INSTRUCTIONS TO FOLLOW -> Quote the records beneath, complete and exact. Leave out images.

RECORDS FOR THE EXERCISE ->
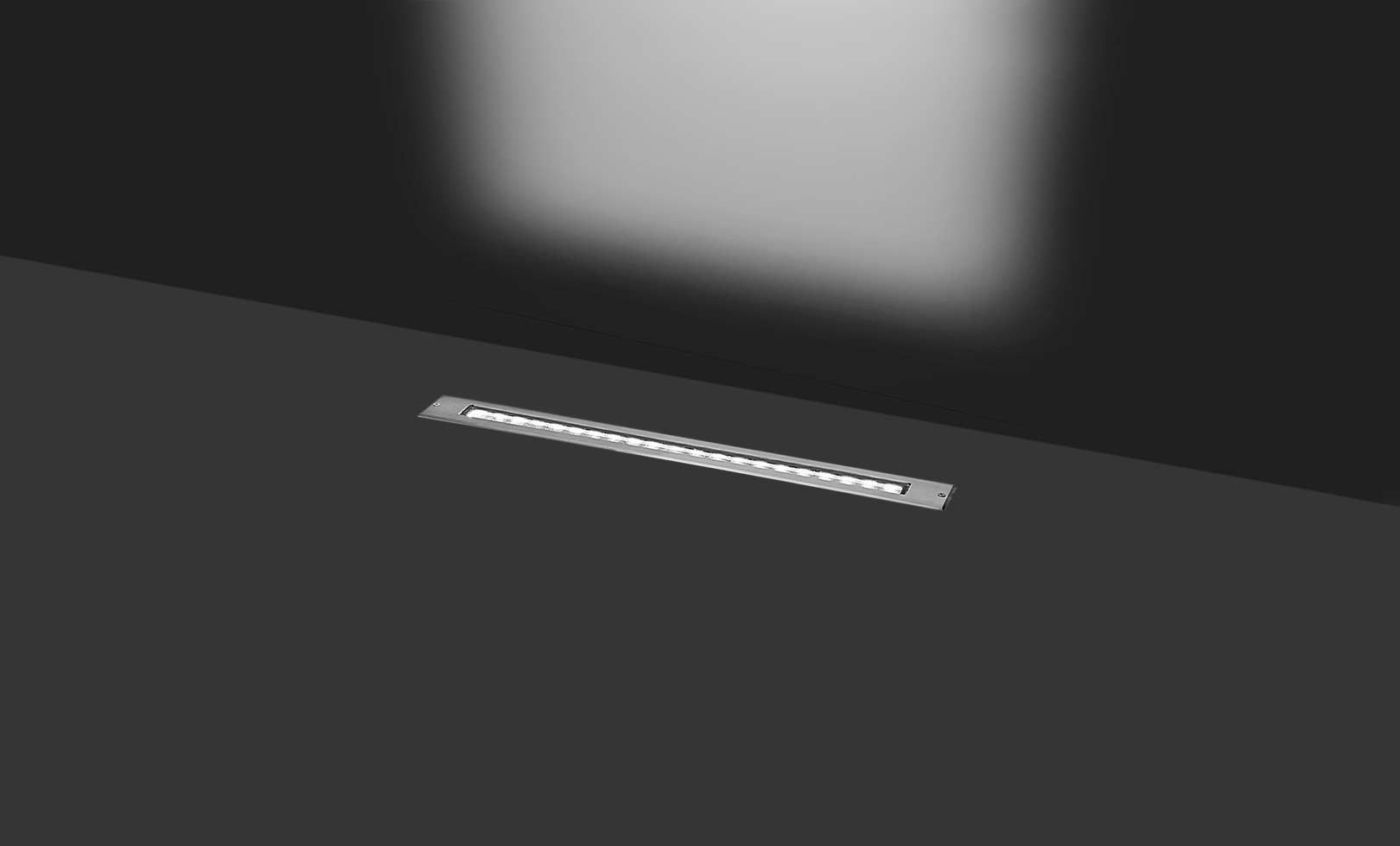Linear ground-recessed luminaire for outdoor installation, length 500mm, Phospho-chromatised and polyester powder coated extruded copper-free aluminium body and stainless steel AISI 304 frame, tempered safety glass, moulded silicone gaskets, stainless steel recessing sleeve. Special optics with “invisa-light” technology. Built-in LED driver 220-240V 50-60Hz, with 17 CREE XP-G2 LED. IP67 rating.
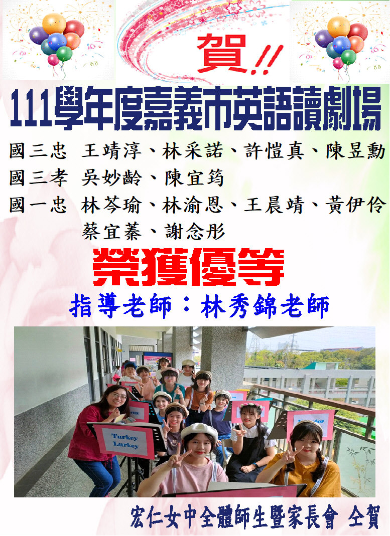 恭賀宏仁女中參加嘉義市111學年度國中小英語讀者劇場比賽,榮獲優等!
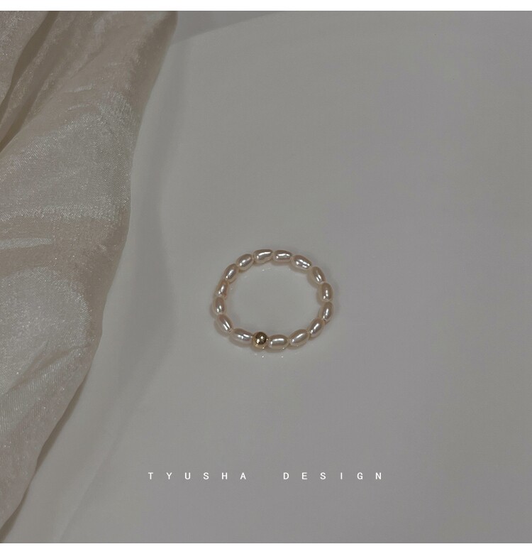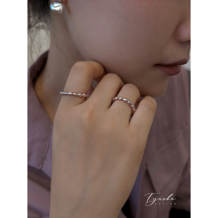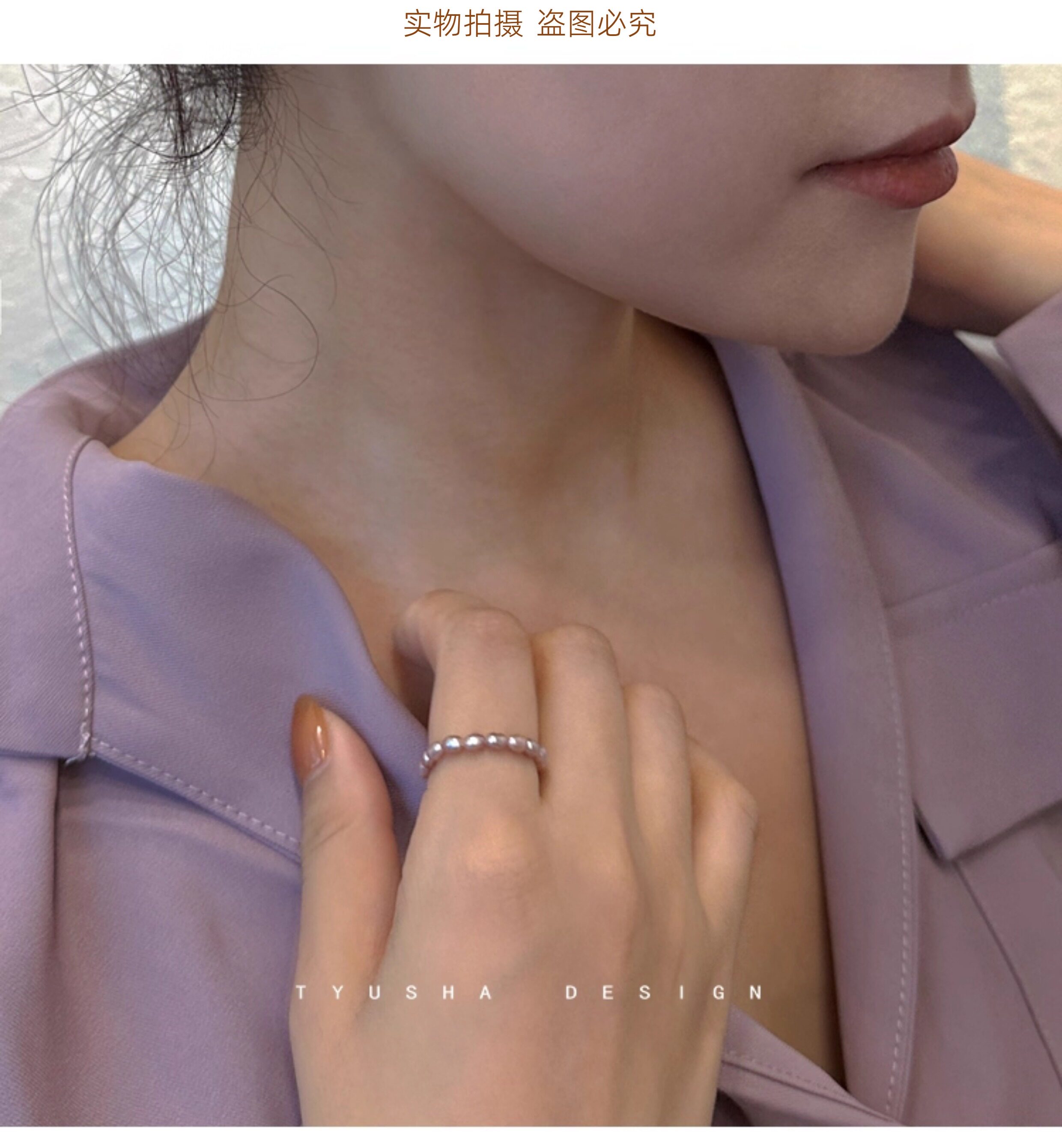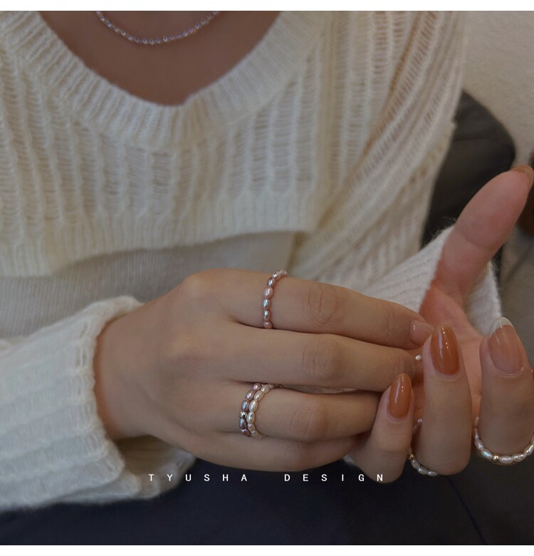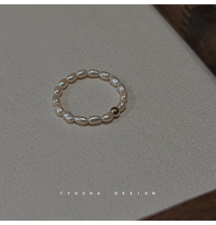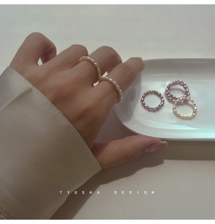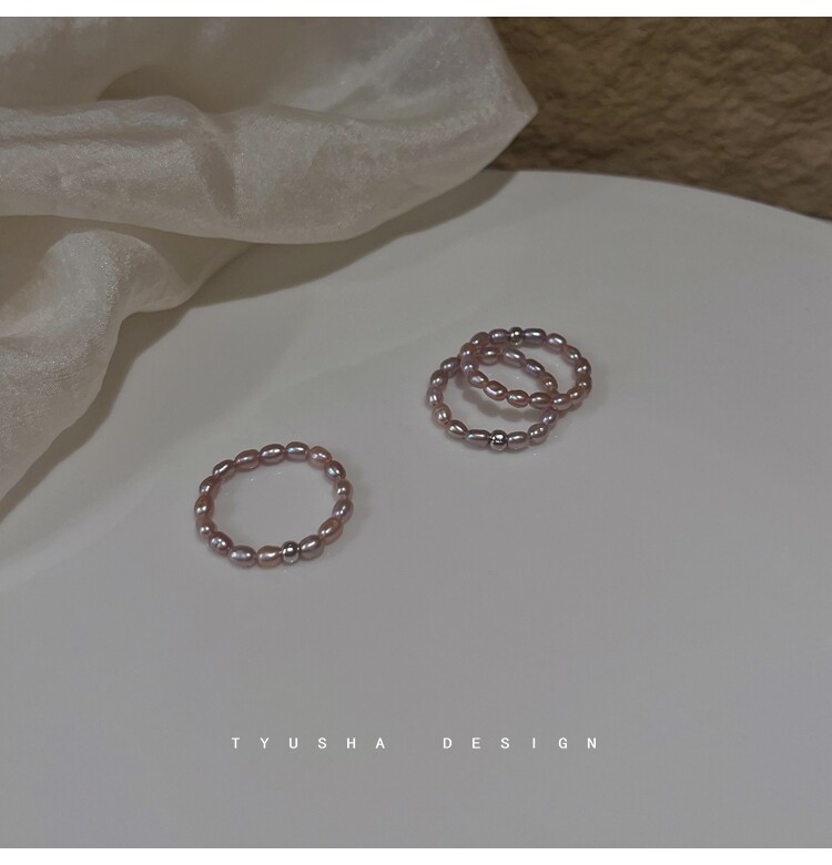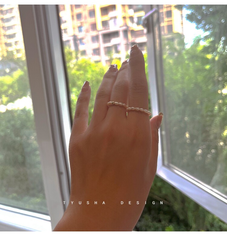 TYUSHA天然異色小米粒珍珠戒指女美産包金S925銀曡戴指環不掉皮
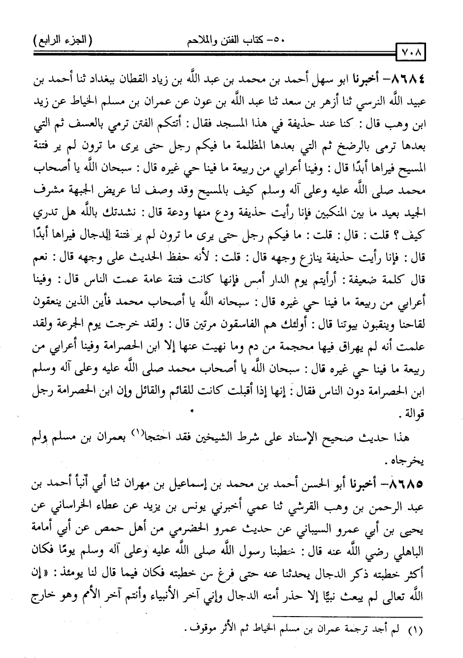 8684 - أَخْبَرَنَا أَبُو سَهْلٍ أَحْمَدُ بْنُ مُحَمَّدِ بْنِ عَبْدِ اللَّهِ بْنِ زِيَادٍ الْقَطَّانُ بِبَغْدَادَ ، ثَنَا أَحْمَدُ بْنُ عُبَيْدِ اللَّهِ النَّرْسِيُّ ، ثَنَا أَزْهَرُ بْنُ سَعْدٍ ، ثَنَا عَبْدُ اللَّهِ بْنُ عَوْنٍ ، عَنْ عِمْرَانَ بْنِ مُسْلِمٍ الْخَيَّاطِ ، عَنْ زَيْدِ بْنِ وَهْبٍ ، قَالَ: كُنَّا عِنْدَ حُذَيْفَةَ فِي هَذَا الْمَسْجِدِ ، فَقَالَ: " أَتَتْكُمُ الْفِتَنُ تَرْمِي بِالْعَسْفِ ، ثُمَّ الَّتِي بَعْدَهَا تَرْمِي بِالرَّضْخِ ، ثُمَّ الَّتِي بَعْدَهَا الْمُظْلِمَةُ مَا فِيكُمْ رَجُلٌ حَتَّى يَرَى مَا تَرَوْنَ ، لَمْ يَرَ فِتْنَةَ الْمَسِيحِ فَيَرَاهَا أَبَدًا " ، قَالَ: وَفِينَا أَعْرَابِيٌّ مِنْ رَبِيعَةَ مَا فِينَا حَيٌّ غَيْرُهُ ، قَالَ: سُبْحَانَ اللَّهِ يَا أَصْحَابَ مُحَمَّدٍ صَلَّى اللَّهُ عَلَيْهِ وَسَلَّمَ ، كَيْفَ بِالْمَسِيحِ وَقَدْ وُصَفَ لَنَا عَرِيضُ الْجَبْهَةِ مُشْرِفُ الْجِيدِ ، بَعِيدٌ مَا بَيْنَ الْمَنْكِبَيْنِ ، فَأَنَا رَأَيْتُ حُذَيْفَةَ وَدَعَ مِنْهَا وَدَعَةً ، قَالَ: نَشَدْتُكَ بِاللَّهِ هَلْ تَدْرِي كَيْفَ قُلْتُ ؟ قَالَ: قُلْتَ: " مَا فِيكُمْ رَجُلٌ حَتَّى يَرَى مَا تَرَوْنَ ، لَمْ يَرَ فِتْنَةَ الدَّجَّالِ فَيَرَاهَا أَبَدًا " ، قَالَ: فَأَنَا رَأَيْتُ حُذَيْفَةَ يُنَازِعُ وَجْهَهُ ، قَالَ: قُلْتُ: لِأَنَّهُ حَفِظَ الْحَدِيثَ عَلَى وَجْهِهِ ؟ قَالَ: نَعَمْ ، قَالَ: ثُمَّ قَالَ كَلِمَةً ضَعِيفَةً: " أَرَأَيْتُمْ يَوْمَ الدَّارِ أَمْسِ فَإِنَّهَا كَانَتْ فِتْنَةً عَامَّةً عَمَّتِ النَّاسَ " ، قَالَ: وَفِينَا أَعْرَابِيٌّ مِنْ رَبِيعَةَ مَا فِينَا حَيٌّ غَيْرُهُ ، قَالَ: سُبْحَانَ اللَّهِ يَا أَصْحَابَ مُحَمَّدٍ فَأَيْنَ الَّذِينَ يَنعَقُونَ لِقَاحَنَا ، وَيَنْقُبُونَ بُيُوتَنَا ؟ قَالَ: " أُولَئِكَ هُمُ الْفَاسِقُونَ " - مَرَّتَيْنِ - قَالَ: " وَلَقَدْ خَرَجْتُ يَوْمَ الْجَرَعَةِ وَلَقَدْ عَلِمْتُ أَنَّهُ لَمْ يُهَرَاقَ فِيهَا مِحْجَمَةٌ مِنْ دَمٍ ، وَمَا نَهَيْتُ عَنْهَا إِلَّا ابْنَ الْحِصْرَامَةِ " وَفِينَا أَعْرَابِيٌّ مِنْ رَبِيعَةَ مَا فِينَا حَيٌّ غَيْرُهُ ، قَالَ: سُبْحَانَ اللَّهِ يَا أَصْحَابَ مُحَمَّدٍ صَلَّى اللَّهُ عَلَيْهِ وَسَلَّمَ ابْنُ الْحِصْرَامَةِ دُونَ النَّاسِ ، فَقَالَ: " إِنَّهَا إِذَا أَقْبَلَتْ كَانَتْ لِلْقَائِمِ وَالْقَائِلِ ، وَإِنَّ ابْنَ الْحِصْرَامَةِ رَجُلٌ قَوَّالَةٌ "
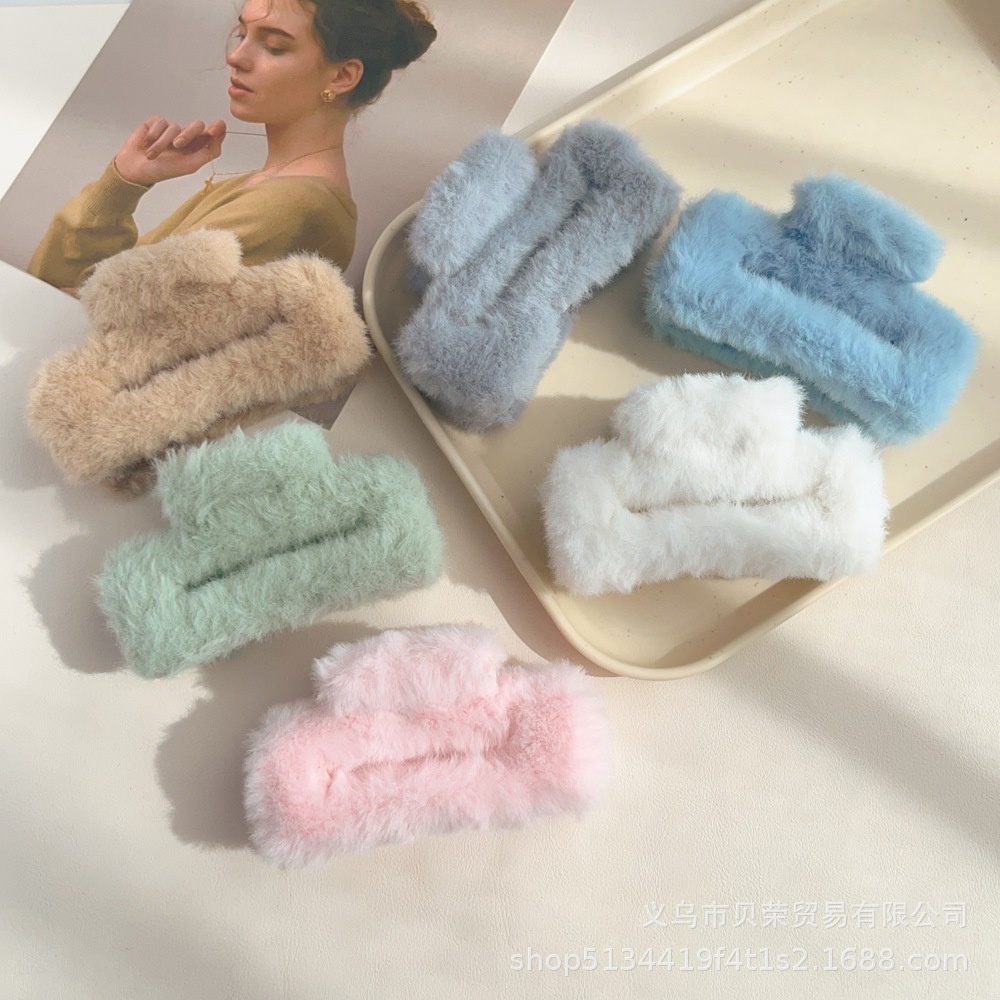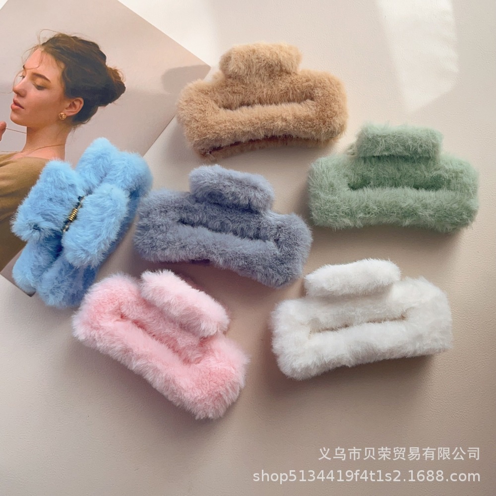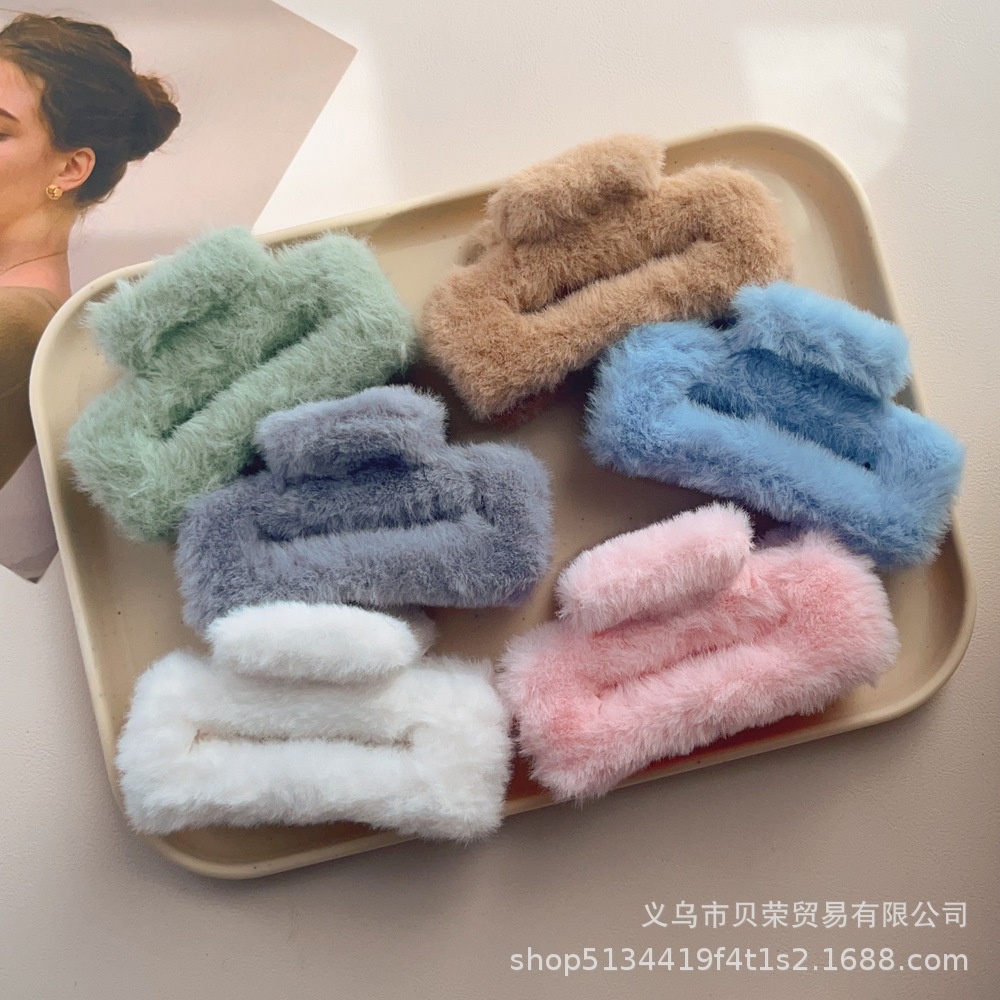 1pc Fluffy Hair Claw Clip New Trendy Hair Clamps Plush Hairpin Simple Temperament Hair Accessories

RESPONSE FOR THIS EXERCISE ->
Linear ground-recessed luminaire for outdoor installation, length 500mm, Phospho-chromatised and polyester powder coated extruded copper-free aluminium body and stainless steel AISI 304 frame, tempered safety glass, moulded silicone gaskets, stainless steel recessing sleeve. Special optics with “invisa-light” technology. Built-in LED driver 220-240V 50-60Hz, with 17 CREE XP-G2 LED. IP67 rating.
 恭賀宏仁女中參加嘉義市111學年度國中小英語讀者劇場比賽,榮獲優等!
 TYUSHA天然異色小米粒珍珠戒指女美産包金S925銀曡戴指環不掉皮
 8684 - أَخْبَرَنَا أَبُو سَهْلٍ أَحْمَدُ بْنُ مُحَمَّدِ بْنِ عَبْدِ اللَّهِ بْنِ زِيَادٍ الْقَطَّانُ بِبَغْدَادَ ، ثَنَا أَحْمَدُ بْنُ عُبَيْدِ اللَّهِ النَّرْسِيُّ ، ثَنَا أَزْهَرُ بْنُ سَعْدٍ ، ثَنَا عَبْدُ اللَّهِ بْنُ عَوْنٍ ، عَنْ عِمْرَانَ بْنِ مُسْلِمٍ الْخَيَّاطِ ، عَنْ زَيْدِ بْنِ وَهْبٍ ، قَالَ: كُنَّا عِنْدَ حُذَيْفَةَ فِي هَذَا الْمَسْجِدِ ، فَقَالَ: " أَتَتْكُمُ الْفِتَنُ تَرْمِي بِالْعَسْفِ ، ثُمَّ الَّتِي بَعْدَهَا تَرْمِي بِالرَّضْخِ ، ثُمَّ الَّتِي بَعْدَهَا الْمُظْلِمَةُ مَا فِيكُمْ رَجُلٌ حَتَّى يَرَى مَا تَرَوْنَ ، لَمْ يَرَ فِتْنَةَ الْمَسِيحِ فَيَرَاهَا أَبَدًا " ، قَالَ: وَفِينَا أَعْرَابِيٌّ مِنْ رَبِيعَةَ مَا فِينَا حَيٌّ غَيْرُهُ ، قَالَ: سُبْحَانَ اللَّهِ يَا أَصْحَابَ مُحَمَّدٍ صَلَّى اللَّهُ عَلَيْهِ وَسَلَّمَ ، كَيْفَ بِالْمَسِيحِ وَقَدْ وُصَفَ لَنَا عَرِيضُ الْجَبْهَةِ مُشْرِفُ الْجِيدِ ، بَعِيدٌ مَا بَيْنَ الْمَنْكِبَيْنِ ، فَأَنَا رَأَيْتُ حُذَيْفَةَ وَدَعَ مِنْهَا وَدَعَةً ، قَالَ: نَشَدْتُكَ بِاللَّهِ هَلْ تَدْرِي كَيْفَ قُلْتُ ؟ قَالَ: قُلْتَ: " مَا فِيكُمْ رَجُلٌ حَتَّى يَرَى مَا تَرَوْنَ ، لَمْ يَرَ فِتْنَةَ الدَّجَّالِ فَيَرَاهَا أَبَدًا " ، قَالَ: فَأَنَا رَأَيْتُ حُذَيْفَةَ يُنَازِعُ وَجْهَهُ ، قَالَ: قُلْتُ: لِأَنَّهُ حَفِظَ الْحَدِيثَ عَلَى وَجْهِهِ ؟ قَالَ: نَعَمْ ، قَالَ: ثُمَّ قَالَ كَلِمَةً ضَعِيفَةً: " أَرَأَيْتُمْ يَوْمَ الدَّارِ أَمْسِ فَإِنَّهَا كَانَتْ فِتْنَةً عَامَّةً عَمَّتِ النَّاسَ " ، قَالَ: وَفِينَا أَعْرَابِيٌّ مِنْ رَبِيعَةَ مَا فِينَا حَيٌّ غَيْرُهُ ، قَالَ: سُبْحَانَ اللَّهِ يَا أَصْحَابَ مُحَمَّدٍ فَأَيْنَ الَّذِينَ يَنعَقُونَ لِقَاحَنَا ، وَيَنْقُبُونَ بُيُوتَنَا ؟ قَالَ: " أُولَئِكَ هُمُ الْفَاسِقُونَ " - مَرَّتَيْنِ - قَالَ: " وَلَقَدْ خَرَجْتُ يَوْمَ الْجَرَعَةِ وَلَقَدْ عَلِمْتُ أَنَّهُ لَمْ يُهَرَاقَ فِيهَا مِحْجَمَةٌ مِنْ دَمٍ ، وَمَا نَهَيْتُ عَنْهَا إِلَّا ابْنَ الْحِصْرَامَةِ " وَفِينَا أَعْرَابِيٌّ مِنْ رَبِيعَةَ مَا فِينَا حَيٌّ غَيْرُهُ ، قَالَ: سُبْحَانَ اللَّهِ يَا أَصْحَابَ مُحَمَّدٍ صَلَّى اللَّهُ عَلَيْهِ وَسَلَّمَ ابْنُ الْحِصْرَامَةِ دُونَ النَّاسِ ، فَقَالَ: " إِنَّهَا إِذَا أَقْبَلَتْ كَانَتْ لِلْقَائِمِ وَالْقَائِلِ ، وَإِنَّ ابْنَ الْحِصْرَامَةِ رَجُلٌ قَوَّالَةٌ "
 1pc Fluffy Hair Claw Clip New Trendy Hair Clamps Plush Hairpin Simple Temperament Hair Accessories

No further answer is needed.